St-Gregory-the-DialogistWhile two of His disciples walked together in the way, not believing in His Resurrection, but talking together concerning Him, the Lord manifested Himself unto them, but yet held their eyes that they should not know Him.

This holding of the eyes of their body, wrought by the Lord, was a figure of the spiritual veil which was yet upon the eyes of their heart.

For in their heart they loved and yet doubted: even as the Lord drew near to them outwardly, but showed not Who He was.

To them that talked together of Him, He revealed His immediate presence; but hid, from them that doubted, the knowledge of His Person.

He spoke to them; He rebuked the hardness of their heart; He expounded unto them in all the Scriptures the things concerning Himself.

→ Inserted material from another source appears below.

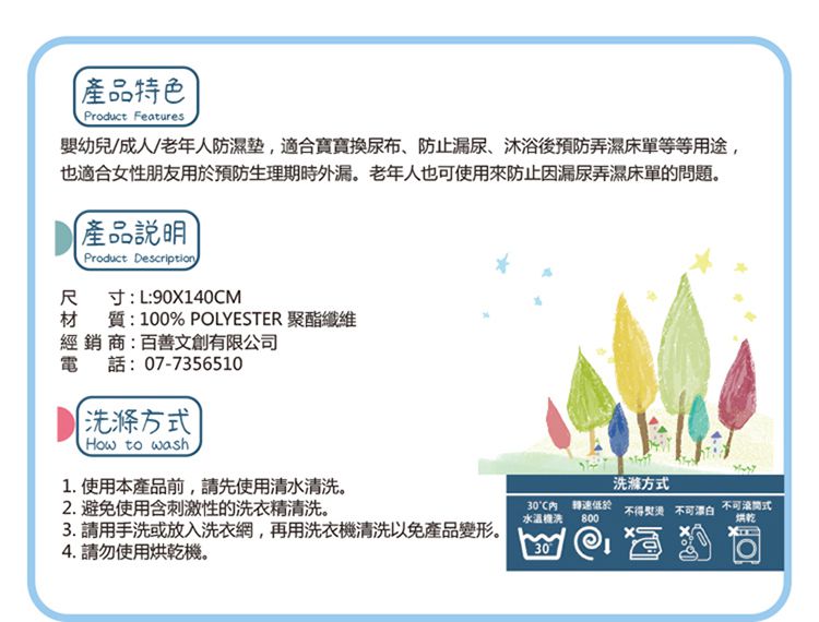 品名:嬰幼兒/成人防濕墊(尿布墊)

And, nevertheless, seeing that He was yet a stranger to faith in their hearts, He made as though He would have gone further.

[…] They were put to the proof whether, though they loved Him not yet as their God, they could love Him at least as a wayfarer.

But since it was impossible, that they with whom Truth walked should be loveless, they asked Him as a wayfarer to take of their hospitality.

[…] They laid a table therefore, and set before Him bread and meat; and that God Whom they had not known in the expounding of the Holy Scripture, they knew in the breaking of bread.

In hearing the commandments of God they were not enlightened, but they were enlightened in the doing of them.

As it is written: “It is not the hearers of the law who are just before God, but the doers of the law who shall be justified” (Rom. 2:13).

Whosoever therefore will understand that which he hears, let him make haste to practise in his works that which he hath already been able to hear.

Behold, the Lord was not known while He spoke, but He was contented to be known when He broke bread.

Gregory the Great (c.540-604): Homilies on the Gospels, 23 (from Mattins of Easter Monday in the Old Breviary.